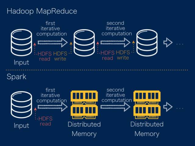 MapReduce中间结果放在HDFS中;Spark中间结果放在内存中,内存放不下时才写入本地磁盘而不是HDFS,这显著提高了性能,特别是在迭代式数据处理的场合。
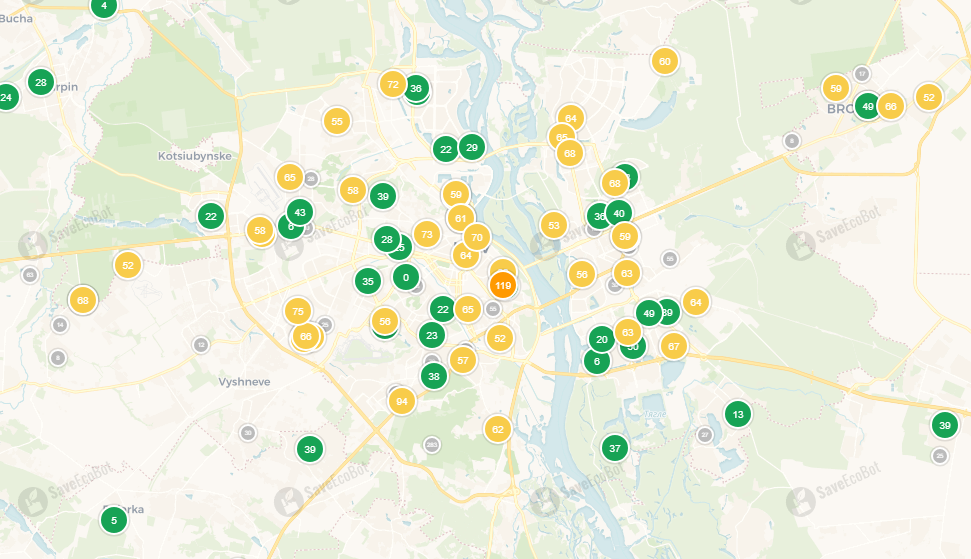 В Киеве очень много превышений желтого уровня. Также в центре столицы датчики показывают оранжевый уровень опасности. Если у вас есть проблемы с дыхательными путями, оставайтесь дома или пользуйтесь защитными респираторами.
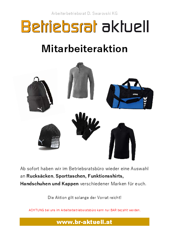 Ab sofort haben wir im BR-Büro wieder Rucksäcke, Sporttaschen, Funktionsshirts, Handschuhe und Kappen verschiedener Marken zu Spezialpeisen für euch.
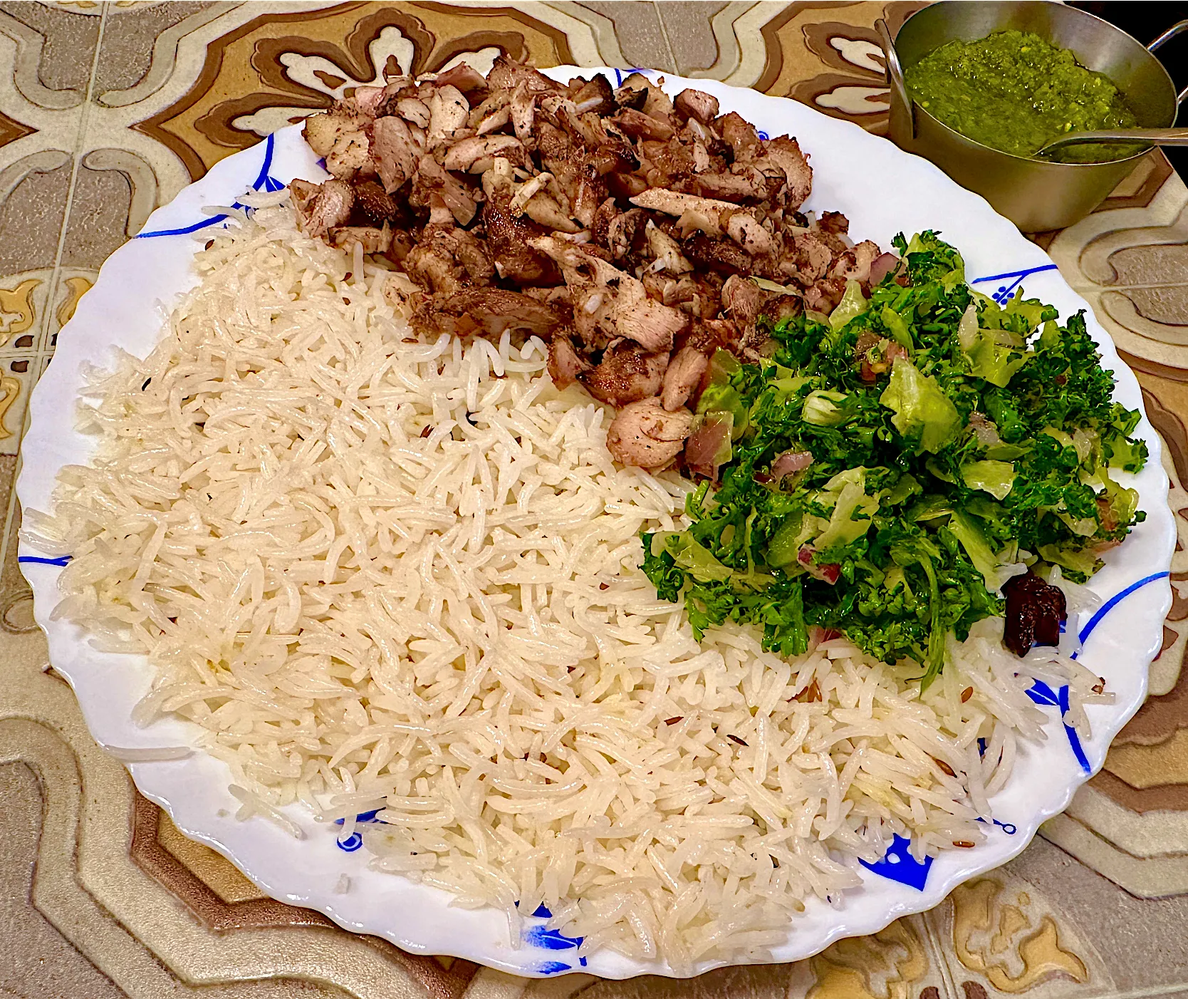 お米はバスマティライス。長さ2センチくらいになる長米種。炊いただけだとパサパサだけど、カレーやビリヤニ、その他炊き込みご飯にすると美味しいのよ😄

**PROBLEM**
Write down exactly the lines running from the line with "Ab sofort haben" through the end of the material, both ends included, and none of the pictures.

**SOLVED EXERCISE**
 Ab sofort haben wir im BR-Büro wieder Rucksäcke, Sporttaschen, Funktionsshirts, Handschuhe und Kappen verschiedener Marken zu Spezialpeisen für euch.
 お米はバスマティライス。長さ2センチくらいになる長米種。炊いただけだとパサパサだけど、カレーやビリヤニ、その他炊き込みご飯にすると美味しいのよ😄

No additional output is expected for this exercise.